====== Records supplied ======
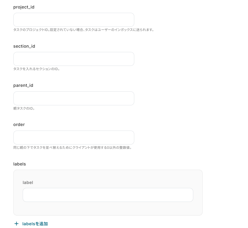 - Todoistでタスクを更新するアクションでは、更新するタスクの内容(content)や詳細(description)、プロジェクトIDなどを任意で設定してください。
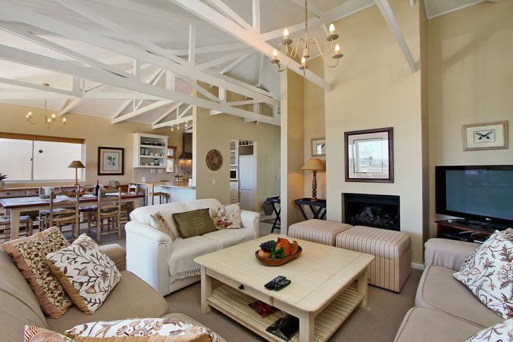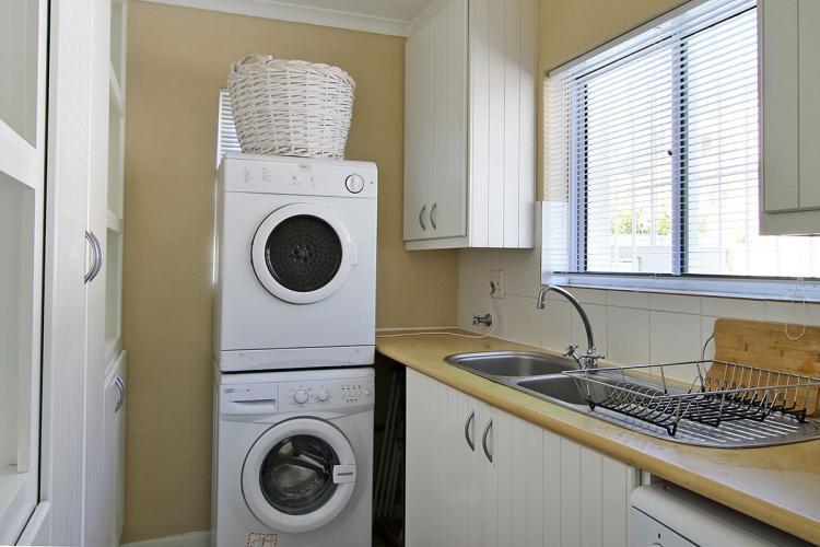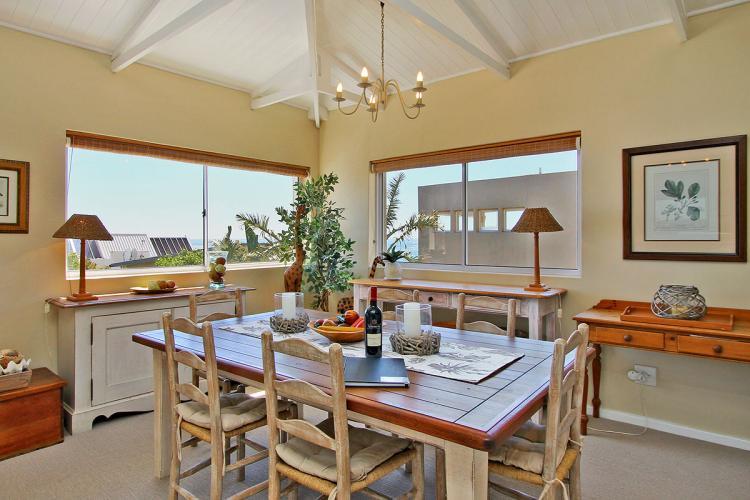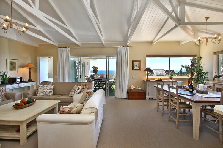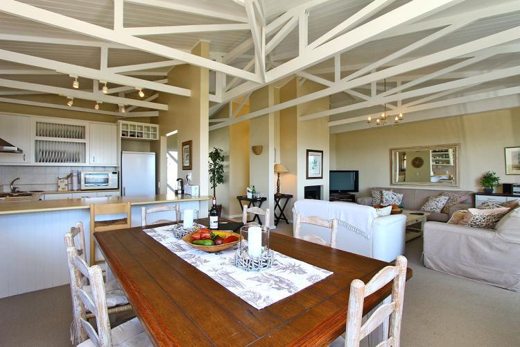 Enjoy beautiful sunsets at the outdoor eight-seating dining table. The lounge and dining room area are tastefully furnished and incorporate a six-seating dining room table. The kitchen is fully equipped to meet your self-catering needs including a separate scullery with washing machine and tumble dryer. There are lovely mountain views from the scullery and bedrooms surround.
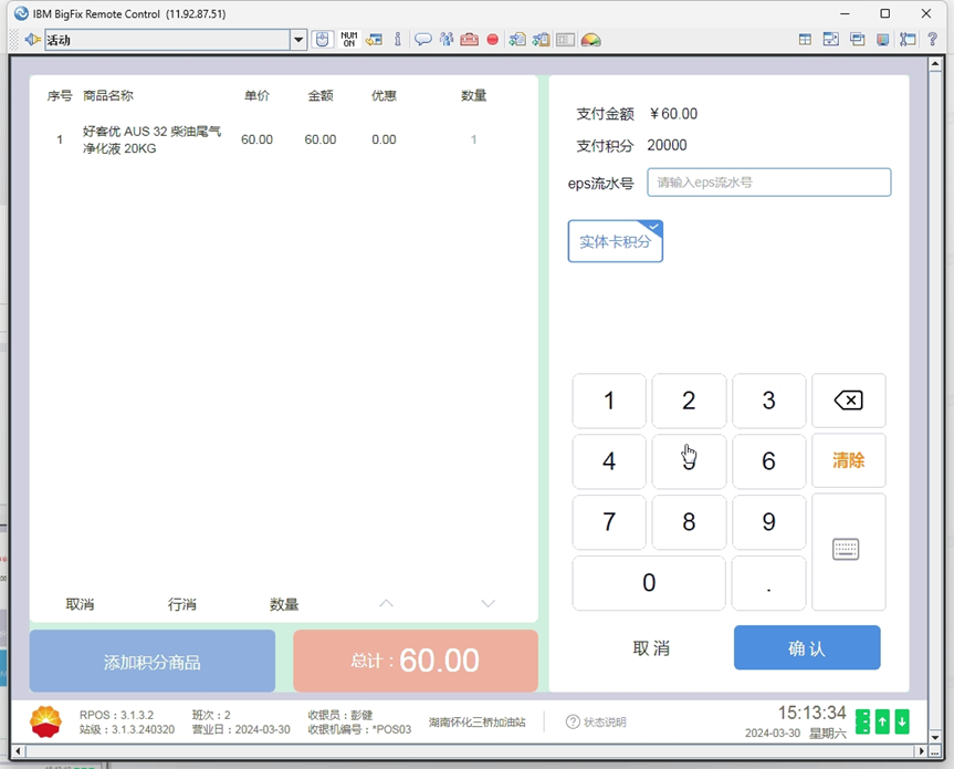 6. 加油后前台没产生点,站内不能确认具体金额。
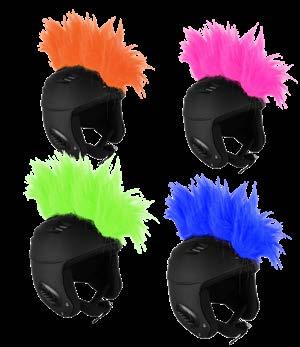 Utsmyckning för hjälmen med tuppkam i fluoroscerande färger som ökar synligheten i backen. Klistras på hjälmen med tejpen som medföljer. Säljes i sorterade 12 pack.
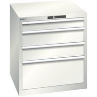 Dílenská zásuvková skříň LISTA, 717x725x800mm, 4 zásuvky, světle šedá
======
====== Records supplied ======
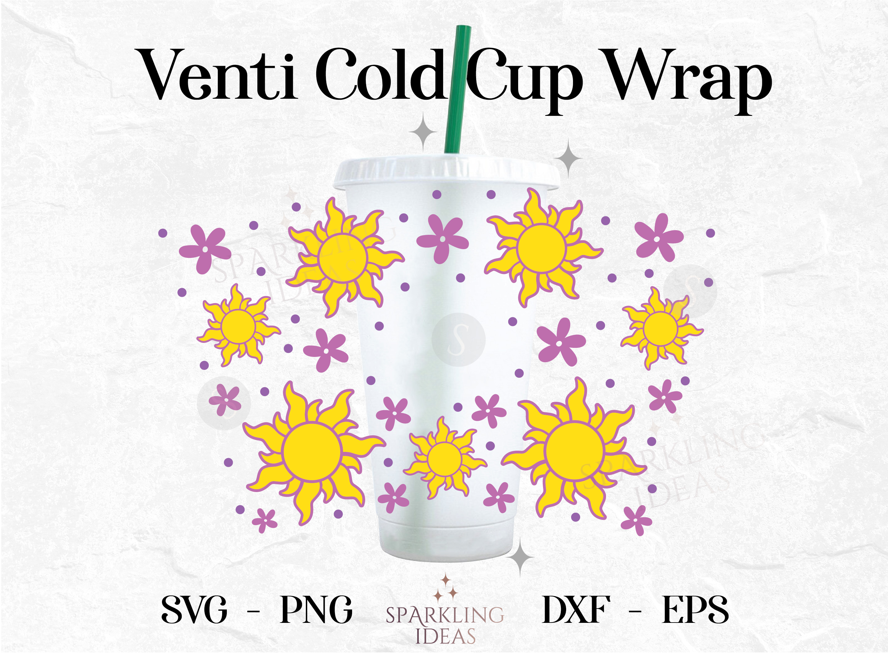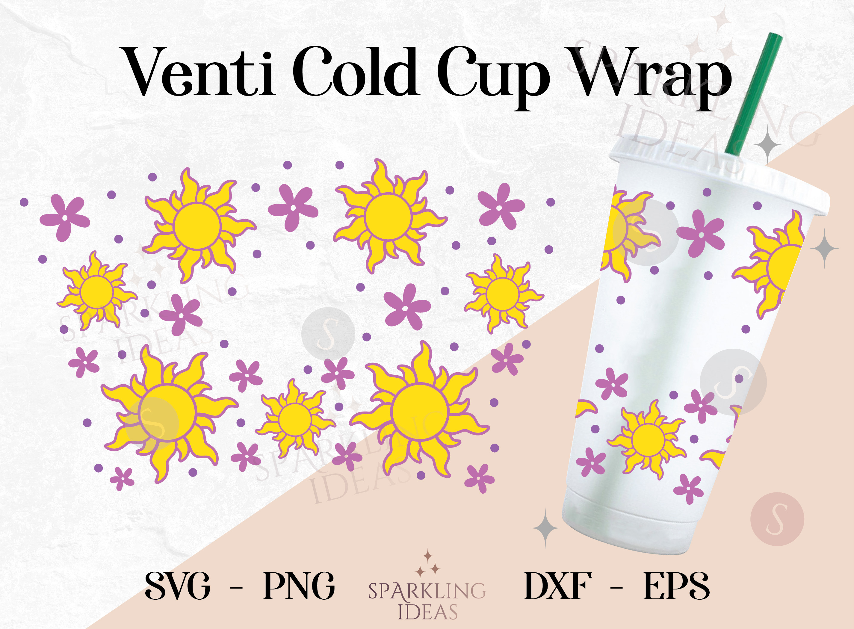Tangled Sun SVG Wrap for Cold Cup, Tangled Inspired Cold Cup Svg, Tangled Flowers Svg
======
Activity
Above, find the line with "- Todoistでタスクを"; copy it and every line down to the line with "Dílenská zásuvková skříň", exactly and both included, but no pictures.

Output for this task
 - Todoistでタスクを更新するアクションでは、更新するタスクの内容(content)や詳細(description)、プロジェクトIDなどを任意で設定してください。
 Enjoy beautiful sunsets at the outdoor eight-seating dining table. The lounge and dining room area are tastefully furnished and incorporate a six-seating dining room table. The kitchen is fully equipped to meet your self-catering needs including a separate scullery with washing machine and tumble dryer. There are lovely mountain views from the scullery and bedrooms surround.
 6. 加油后前台没产生点,站内不能确认具体金额。
 Utsmyckning för hjälmen med tuppkam i fluoroscerande färger som ökar synligheten i backen. Klistras på hjälmen med tejpen som medföljer. Säljes i sorterade 12 pack.
 Dílenská zásuvková skříň LISTA, 717x725x800mm, 4 zásuvky, světle šedá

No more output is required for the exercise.